BRIEF: Starting with the first line below, extract each line through the one that contains "This filly is", inclusive, excluding pictures.
───── INPUT DATA
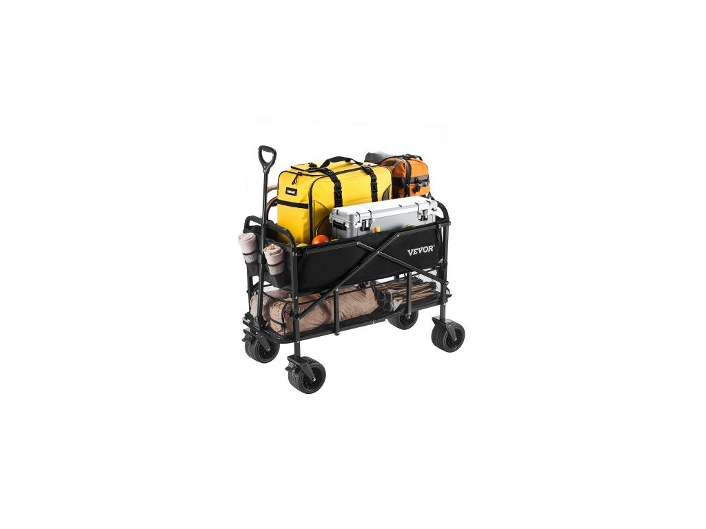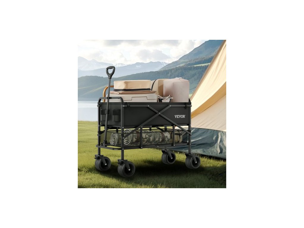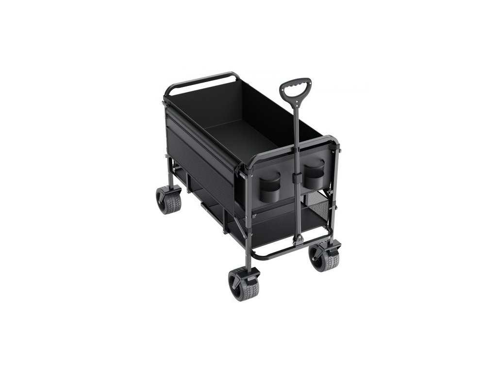 Skládací dvoupatrový zahradní vozík , 400l těžký skládací vozík, prodloužený dlouhý zahradní vozík s terénními koly, nosnost až 200 kg, venkovní užitkový vozík pro kempování, sport a nakupování2 držáky na nápoje
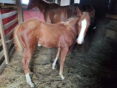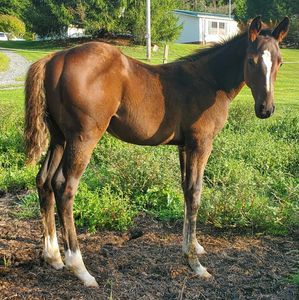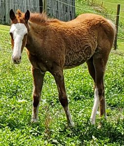 This filly is built like a tank, has splashes of color and roaning like her mom.
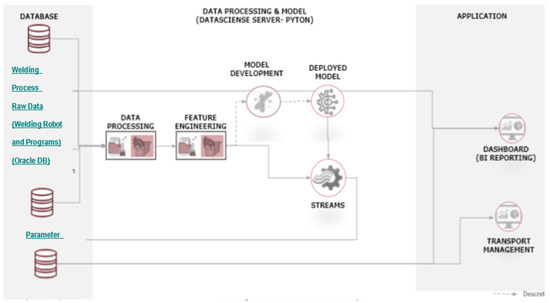 In the digitalization of production lines, manufacturing companies are strongly oriented toward minimizing defects in production processes by adopting intelligent solutions enabled by digital tools. In this context, data connectivity, predictive analytics using machine learning models, intelligent manufacturing systems, and big data solutions act as primary tools to improve production efficiency and profitability. In particular, intelligent control systems, which include learning process and pattern recognition algorithms, offer opportunities to detect rare quality defects in the automotive industry, acting as a leader and first adopter of smart manufacturing worldwide [1,2]. Artificial intelligence and machine learning (ML) techniques for process simulation are enablers of “Time to Market” and “Do It Right the First Time” expectations in the automotive industry [3]. Hence, the quality of the welding process urgently needs to be improved to enable higher resource efficiency and cost reduction [4]. In practice, weld quality checks are usually conducted at the end of a welding operation. Hence, welding defects can only be identified after the welding is completed, causing delays in defect identification and necessitating reworks and excessive material usage, which hinder sustainable production [5].
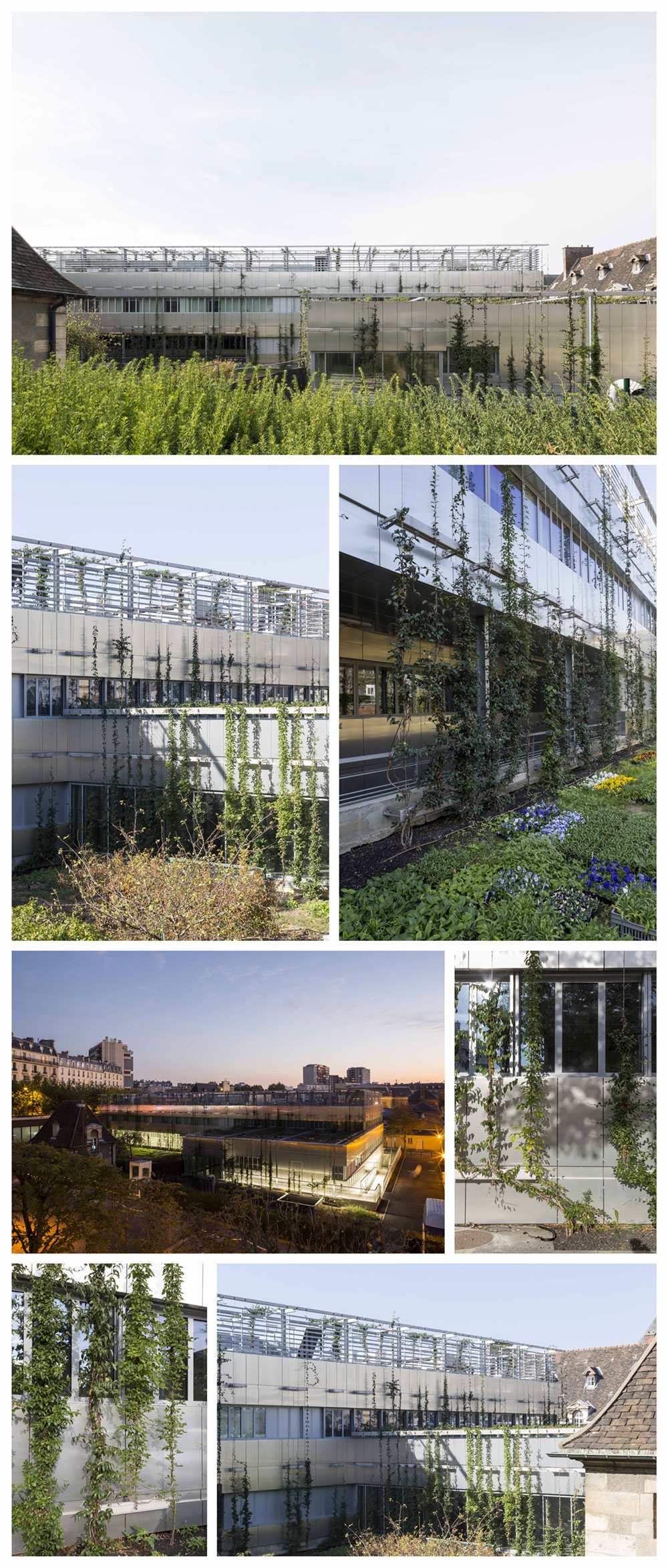 Al Meary Institute Université Paris Diderot Hôpital Saint-Louis Paris, invece, sono predominanti l’ombreggiatura e salvaguardia della biodiversità. Anche questo progetto è stato curato dallo studio Jakob+MacFarlane. Il Meary Institute Université Paris Diderot Hôpital Saint-Louis Paris è costruito sulle tracce di un precedente edificio degli anni Settanta di cui sono state mantenute le fondazioni. Il progetto è centrato sulla biodiversità e sull’integrazione della vegetazione e del verde. Esaminando le piante storiche del sito dei sec. XVI e XVII, sono stati ritrovati i giardini di lavoro per l’ospedale nei primi secoli. Alcuni resti permangono tuttora accanto all’edificio e sono stati preservati.
──────────
OUTPUT OF THE EXERCISE:
 Skládací dvoupatrový zahradní vozík , 400l těžký skládací vozík, prodloužený dlouhý zahradní vozík s terénními koly, nosnost až 200 kg, venkovní užitkový vozík pro kempování, sport a nakupování2 držáky na nápoje
 This filly is built like a tank, has splashes of color and roaning like her mom.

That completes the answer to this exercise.